Второй камень А. Яковлев оставил у себя. Не знаю, надолго ли, но знаю, что жизнь его тоже подхватила сине-зелекая волна, закружила и бросила в далекую косоглазую Азию.

Третий камень завертел тихого и мирного М. Как уютно текла его жизнь: мягкое кресло, костяной ножичек между шершавых страничек любимого поэта, ленивые руки, с ногтями, отшлифованными, как драгоценные камни, рояль, портрет Оскара Уайльда в черепаховой раме, переписанные бисерным почерком стихи Кузмина…

И вот — выронили ленивые руки неразрезанную книжку. Война, революция, нелепая женитьба, «диктатор в родном городишке», подписывающий чудовищные приказы, партизанская война на Волге, Колчак, страшный путь через всю Сибирь, Одесса, Париж, смерть. Разрезала черный камень глубокая трещина вдоль и поперек — крестом. Кончено.

* * *

Сбегались в Одессу новые беженцы, москвичи, петербуржцы, киевляне.

Так как пропуски на выезд легче всего выдавались артистам, то — поистине талантлив русский народ! — сотнями, тысячами двинулись на юг оперные и драматические труппы.

— Мы ничего себе выехали, — блаженно улыбаясь, рассказывал какой-нибудь скромный парикмахер с Гороховой улицы. — Я — первый любовник, жена — инженю, тетя Фима — гран-кокет, мамаша — в кассе и одиннадцать суфлеров. Все благополучно проехали. Конечно, пролетариат был слегка озадачен количеством суфлеров. Но мы объяснили, что это самый ответственный элемент искусства. Без суфлера пьеса идти не может. С другой стороны, суфлер, сидя в будке и будучи стеснен в движениях, быстро изнемогает и должен немедленно заменяться свежим элементом.

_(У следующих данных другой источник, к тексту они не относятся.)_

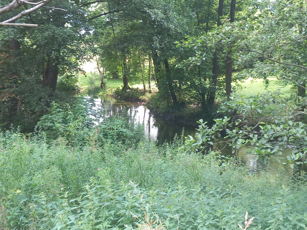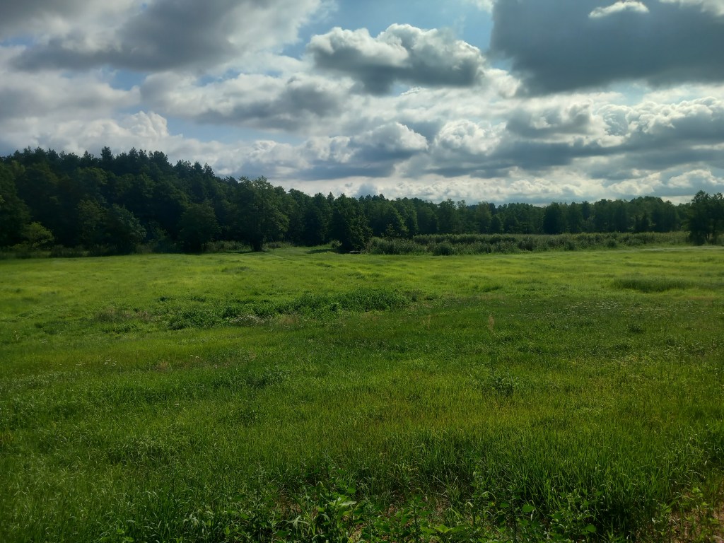 My jednak przed przeprawą skręcamy w prawo w polną dróżkę. Teraz mamy piękny fragment trasy, po lewej stronie idziemy wzdłuż rzeki, a przed nią rozciągają się trawiaste pola.
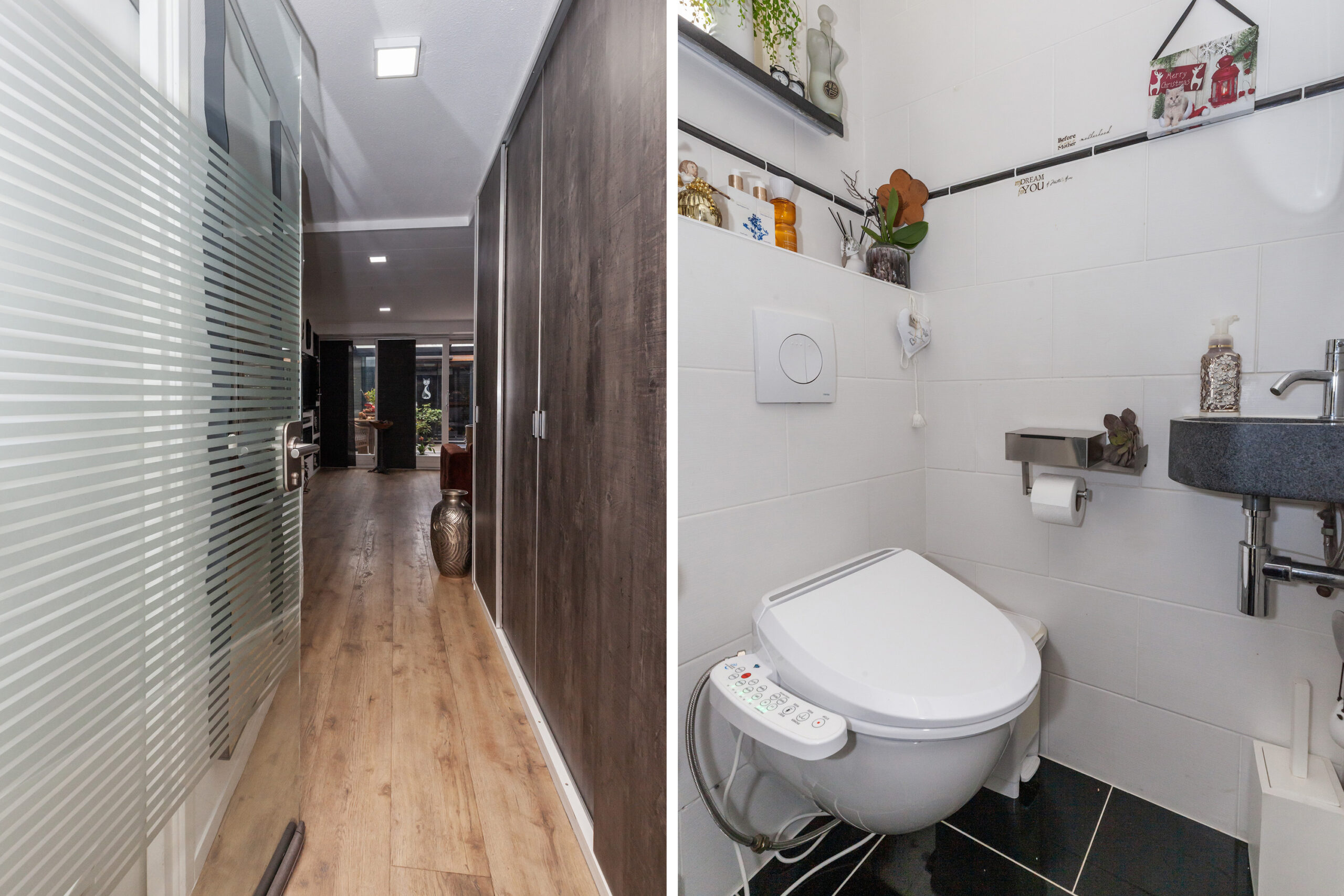 U komt binnen in de hal waar u aan de ene zijde de toiletruimte heeft en aan de andere zijde een praktische inbouwkast.

Приехала опереточная труппа, состоящая исключительно из «благородных отцов».

И приехала балетная труппа, набранная сплошь из институтских начальниц и старых нянюшек…

Все новоприбывшие уверяли, что большевистская власть трещит по всем швам и что, собственно говоря, не стоит распаковывать чемоданы. Но все-таки распаковывали…

Настроение в городе было если не бодрое, то очень оживленное.